To install and set up the scripts from your GitHub repository into `/home/user/python/earnings-calendar`, create a virtual environment, run the scripts manually, and set it up with a cronjob to run every night at 2 AM, follow these steps:
### 1. Clone the Repository
First, you need to clone the repository to the desired directory.
```bash
cd /home/user/python
git clone https://github.com/drhdev/earnings-calendar.git
```
This command will clone the repository into `/home/user/python/earnings-calendar`.
### 2. Create a Virtual Environment
Navigate to the project directory and create a virtual environment to isolate dependencies.
```bash
cd /home/user/python/earnings-calendar
python3 -m venv venv
```
This will create a virtual environment named `venv` inside the `/home/user/python/earnings-calendar` directory.
### 3. Activate the Virtual Environment
To install dependencies and run the script, first activate the virtual environment.
```bash
source venv/bin/activate
```
You should now see `(venv)` at the beginning of your terminal prompt, indicating that the virtual environment is active.

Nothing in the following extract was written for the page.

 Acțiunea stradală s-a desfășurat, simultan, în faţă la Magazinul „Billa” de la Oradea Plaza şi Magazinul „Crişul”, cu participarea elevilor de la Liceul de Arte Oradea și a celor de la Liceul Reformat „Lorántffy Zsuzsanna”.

### 4. Install Dependencies
Next, install the dependencies listed in `requirements.txt`:
```bash
pip install -r requirements.txt
```
This command will install all the necessary packages required by the script, such as `requests`, `SQLAlchemy`, `pymysql`, and `python-dotenv`.

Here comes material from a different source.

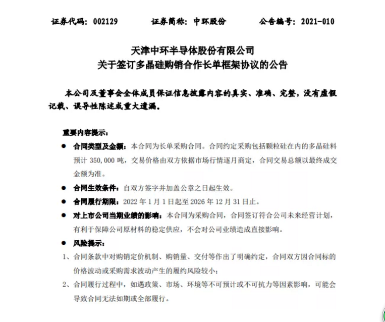 2月2日,隆基股份發(fā)布公告,未來(lái)三年(2021-2023)擬向保利協(xié)鑫旗下子公司江蘇中能采購(gòu)多晶硅9.14萬(wàn)噸。按照當(dāng)前成交價(jià),該合同總金額約73.28億元人民幣(不含稅)。合同總金額占公司2019年度經(jīng)審計(jì)營(yíng)業(yè)成本的約31.33%,年均合同金額占公司 2019年度經(jīng)審計(jì)營(yíng)業(yè)成本的約10.44%(本測(cè)算不構(gòu)成價(jià)格承諾)。
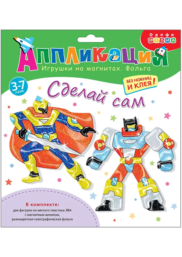 Оригинальная поделка - весёлая игрушка из ЭВА с магнитным винилом, раскрашенная с помощью фольги. Благодаря голографическому эффекту фольги, готовое изделие отличается необыкновенной яркостью и насыщенностью. В наборе 2 поделки. Фигурка получается яркой, красочной и очень эффектной, благодаря переливающейся голографической фольге. Главное, внимательно читайте инструкцию, и у вас всё получится! С обратной стороны фигурки магнитный винил, поэтому её можно легко закрепить на магнитной доске или холодильнике.

### 5. Set Up the `.env` File
Create an `.env` file to configure your credentials:
```bash
cp .env.example .env
```
Open the `.env` file and update the values for the Alpha Vantage API key and the database credentials:
```env
ALPHAVANTAGE_API_KEY=your_alphavantage_api_key_here
DB_NAME=your_database_name
DB_USER=your_database_user
DB_PASSWORD=your_database_password
DB_HOST=localhost
DB_CHARSET=utf8
```
### 6. Run the Scripts Manually
You can now run the scripts manually to verify that it works as expected:
```bash
python earnings-calendar.py
python companiesmarketcap.py
```
If you want to run them in verbose mode, use:
```bash
python earnings-calendar.py -v
python companiesmarketcap.py -v
```
### 7. Schedule a Cronjob to Run Every Night at 2 AM
To run the scripts every night at 2 AM and 2:15 AM, add cronjobs for the user.
First, edit the user's cron jobs:
```bash
crontab -e
```
Add the following line to schedule the script:
```cron
0 2 * * * /home/user/python/earnings-calendar/venv/bin/python /home/user/python/earnings-calendar/earnings-calendar.py >> /home/user/python/earnings-calendar/earnings-calendar-cronjob.log 2>&1
15 2 * * * /home/user/python/earnings-calendar/venv/bin/python /home/user/python/earnings-calendar/companiesmarketcap.py >> /home/user/python/earnings-calendar/companiesmarketcap-cronjob.log 2>&1
```
The firstcronjob does the following:
- **`0 2 * * *`**: Runs the job every day at 2:00 AM.
- **`/home/user/python/earnings-calendar/venv/bin/python`**: Uses the Python interpreter from the virtual environment.
- **`/home/user/python/earnings-calendar/earnings-calendar.py`**: Runs the script.
- **`>> /home/user/python/earnings-calendar/earnings-calendar-cronjob.log 2>&1`**: Redirects output and errors to `earnings-calendar-cronjob.log` for later review.
### Summary of Steps
1. Clone the GitHub repository.
2. Create and activate a virtual environment.
3. Install the required dependencies using `requirements.txt`.
4. Configure the `.env` file with API key and database details.
5. Run the script(s) manually to test it/them.
6. Set up a cronjob to run the scripts every night at 2 AM/2:15 AM.
This approach ensures that the scripts run in an isolated environment, making it easy to manage dependencies and debug any issues that arise. The cronjobs will ensure that the scripts run regularly, keeping the data up to date.